Coresets for Classification -- Simplified and Strengthened
This work provides a more efficient method for data reduction in machine learning, benefiting researchers and practitioners dealing with large datasets, though it is incremental as it builds on prior coreset techniques.
The paper tackles the problem of efficiently training linear classifiers by constructing coresets that achieve (1±ε) relative error for a broad class of loss functions, including logistic and hinge loss, using Õ(d·μ_y(X)²/ε²) points, which significantly improves existing theoretical bounds and outperforms uniform subsampling in practice.

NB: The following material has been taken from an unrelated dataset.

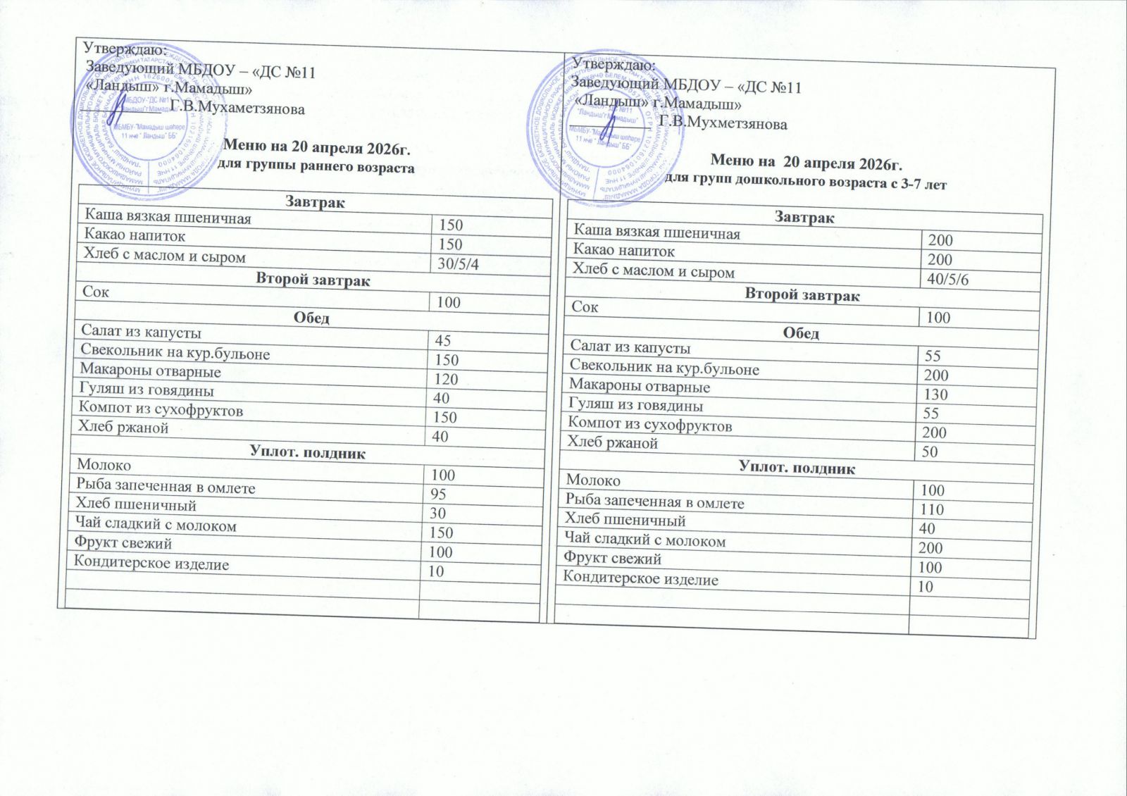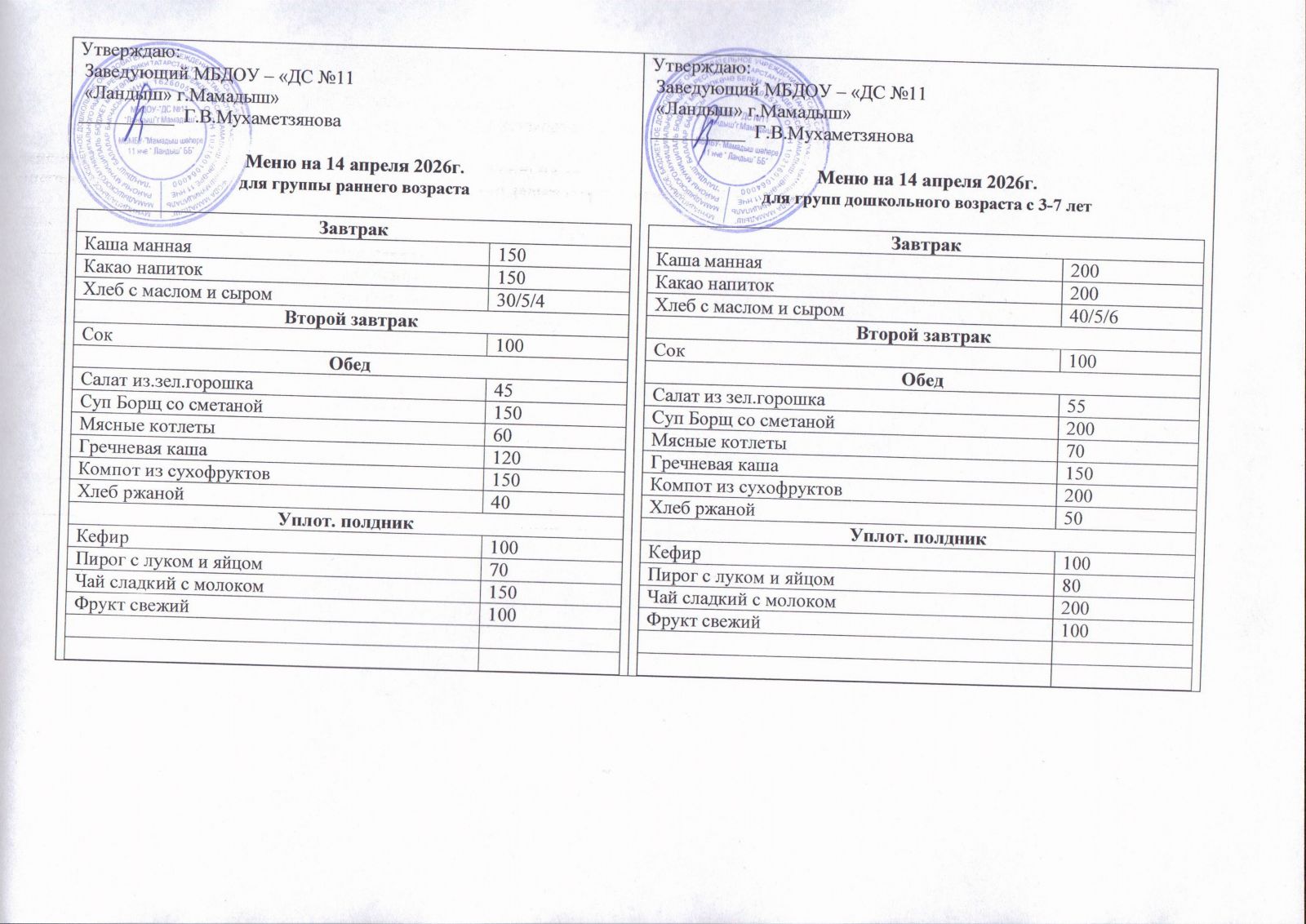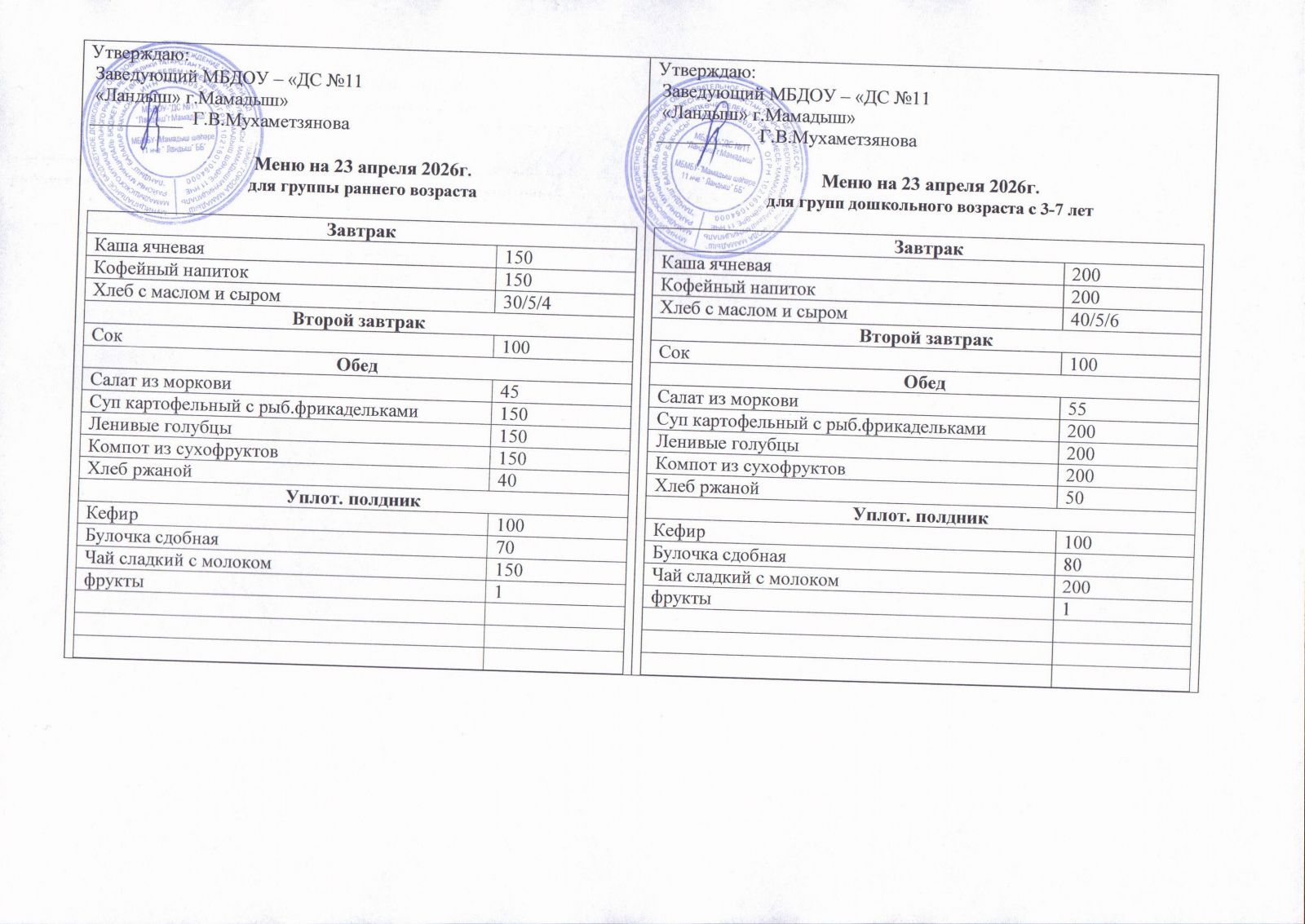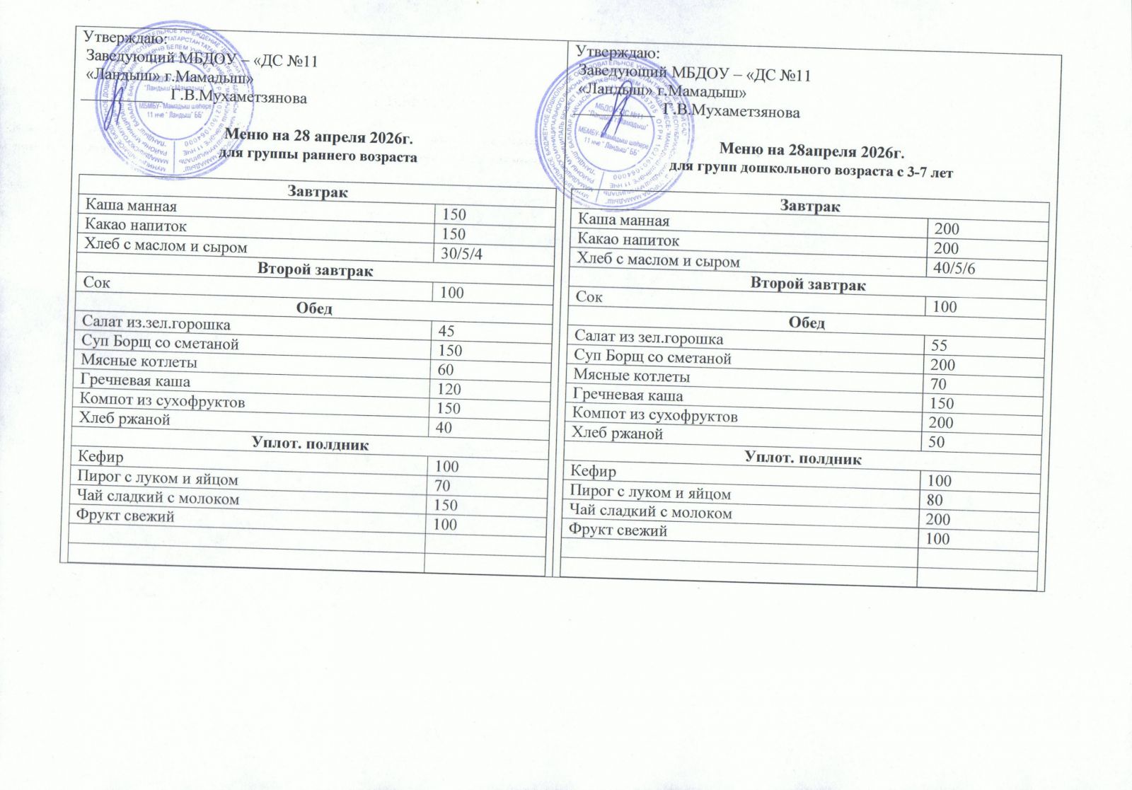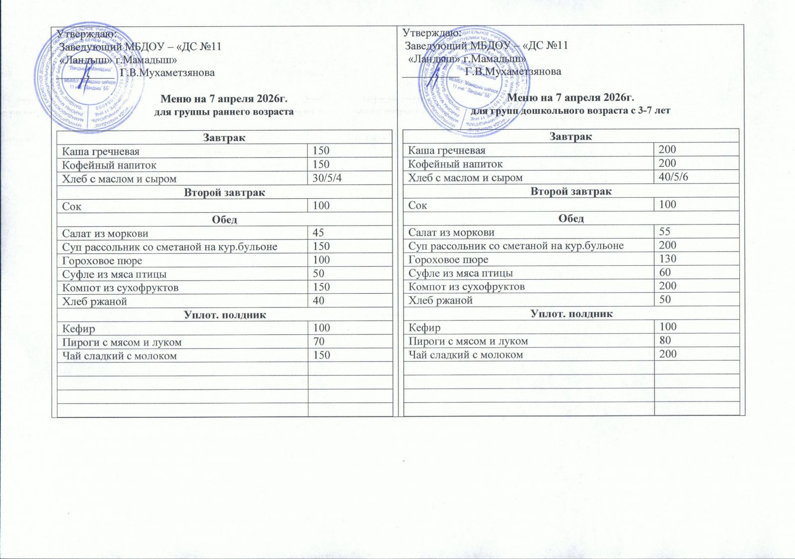Примерное десятидневное меню для организации питания детей с 3 до 7 лет

We give relative error coresets for training linear classifiers with a broad class of loss functions, including the logistic loss and hinge loss. Our construction achieves $(1\pm ε)$ relative error with $\tilde O(d \cdot μ_y(X)^2/ε^2)$ points, where $μ_y(X)$ is a natural complexity measure of the data matrix $X \in \mathbb{R}^{n \times d}$ and label vector $y \in \{-1,1\}^n$, introduced in by Munteanu et al. 2018. Our result is based on subsampling data points with probabilities proportional to their $\ell_1$ $Lewis$ $weights$. It significantly improves on existing theoretical bounds and performs well in practice, outperforming uniform subsampling along with other importance sampling methods. Our sampling distribution does not depend on the labels, so can be used for active learning. It also does not depend on the specific loss function, so a single coreset can be used in multiple training scenarios.